Like most of my posts, this assumes that it’s not feasible to go through all your source code, and say, replace all instances of new with a version that tracks usage (the approach used by the debug CRT). As well as being logistically infeasible, this also tends to miss allocations that don’t go via new, for example, direct calls to HeapAlloc.

In the past, I’ve seen some code trying to use the Win32 heap functions to try and find out the amount of memory allocated by the process. It used GetProcessHeaps, HeapWalk and HeapSize to sum all the block sizes and get an overall memory in use figure, but in my experience it was extremely slow and unreliable.

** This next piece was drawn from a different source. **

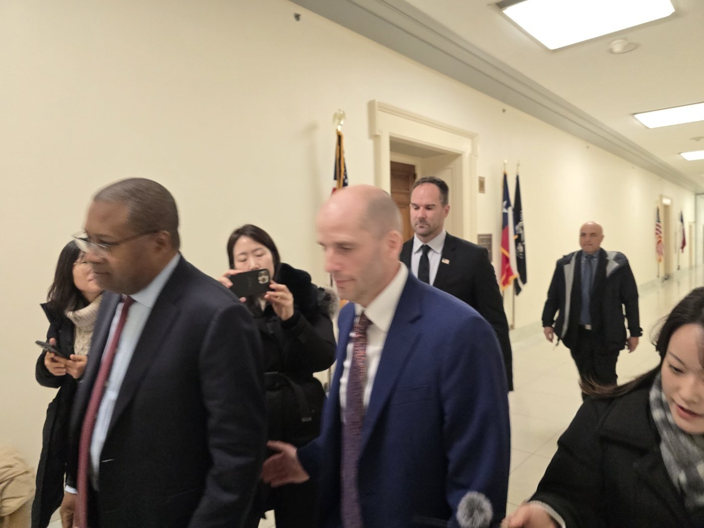 해롤드 로저스 한국 쿠팡 임시대표가 23일(현지시간) 미국 워싱턴DC 연방 의회 의사당에 위치한 레이번 빌딩 하원 법사위 회의장에 증언하기 위해 들어서고 있다. 2026.02.23. ⓒ 뉴스1

What was really required was something that gave a figure similar to the “private bytes” counter in perfmon. If you didn’t know, this is the counter you need to be watching if you’re looking for memory leaks in a process. For goodness sake don’t use the “Mem Usage” column in Task Manager; this is in fact (almost) the working set size and it doesn’t correlate exactly with memory explicitly allocated by the process. It includes additional things including space occupied by the loaded DLLs. Also, the working set will shrink if the app is paged out, although it still has the memory allocated. To see an example of this in action, open Excel and a large spreadsheet, calc it, look in Task manager and you’ll see a large number (if not, you’re obviously not looking at a real spreadsheet). Then minimise the Excel window. You’ll see the mem usage value plummet as the working set is ”trimmed” - probably by a call to SetProcessWorkingSetSize. The OS does this because it expects the app won’t be being used, so it makes sense to free up physical memory for use by other processes.

So essentially what I want to do is get the perfmon “private bytes” value programmatically as my app is running, and this can be achieved using the Performance Data Helper (PDH) library. It provides an API to access the performance counters in a similar way to the perfmon GUI.

It uses the concept of “queries”; you create a query, add a counter to it, then collect the query data as required (not forgetting to remove the counter and close the query when you’re done).

The first thing to do is open the query:

    PDH_STATUS status = PdhOpenQuery(NULL, 0, &hquery);

    if (status != ERROR_SUCCESS)

        return status;

 

Then add the required counters (this code assumes you’re looking at a process on the current machine):

    status = PdhAddCounter(hquery, _T(“\\.\Process(processname)\Private Bytes”), 0, &hcounter);

    if (status != ERROR_SUCCESS)

    {

        PdhCloseQuery(hquery);

        return status;

    }

At this point you’re ready to start polling for updates. At periodic intervals you can collect the query data and do with it what you will:

    PDH_STATUS status = PdhCollectQueryData(hquery);

    if (status == ERROR_SUCCESS)

    {

        PDH_RAW_COUNTER value;

        DWORD dwType;

        status = PdhGetRawCounterValue(hcounter, &dwType, &value);

        if (status == ERROR_SUCCESS)

        {

            printf(“%lld %lld %s\n”, value.TimeStamp, value.FirstValue, sz);

        }

    }

Luckily for the Private Bytes counter we’ve got the simplest type of counter to ‘decode’; a raw counter value, essentially just a number. We don’t need to do any further manipulation on it to get the information we need, like having to divide by some frequency.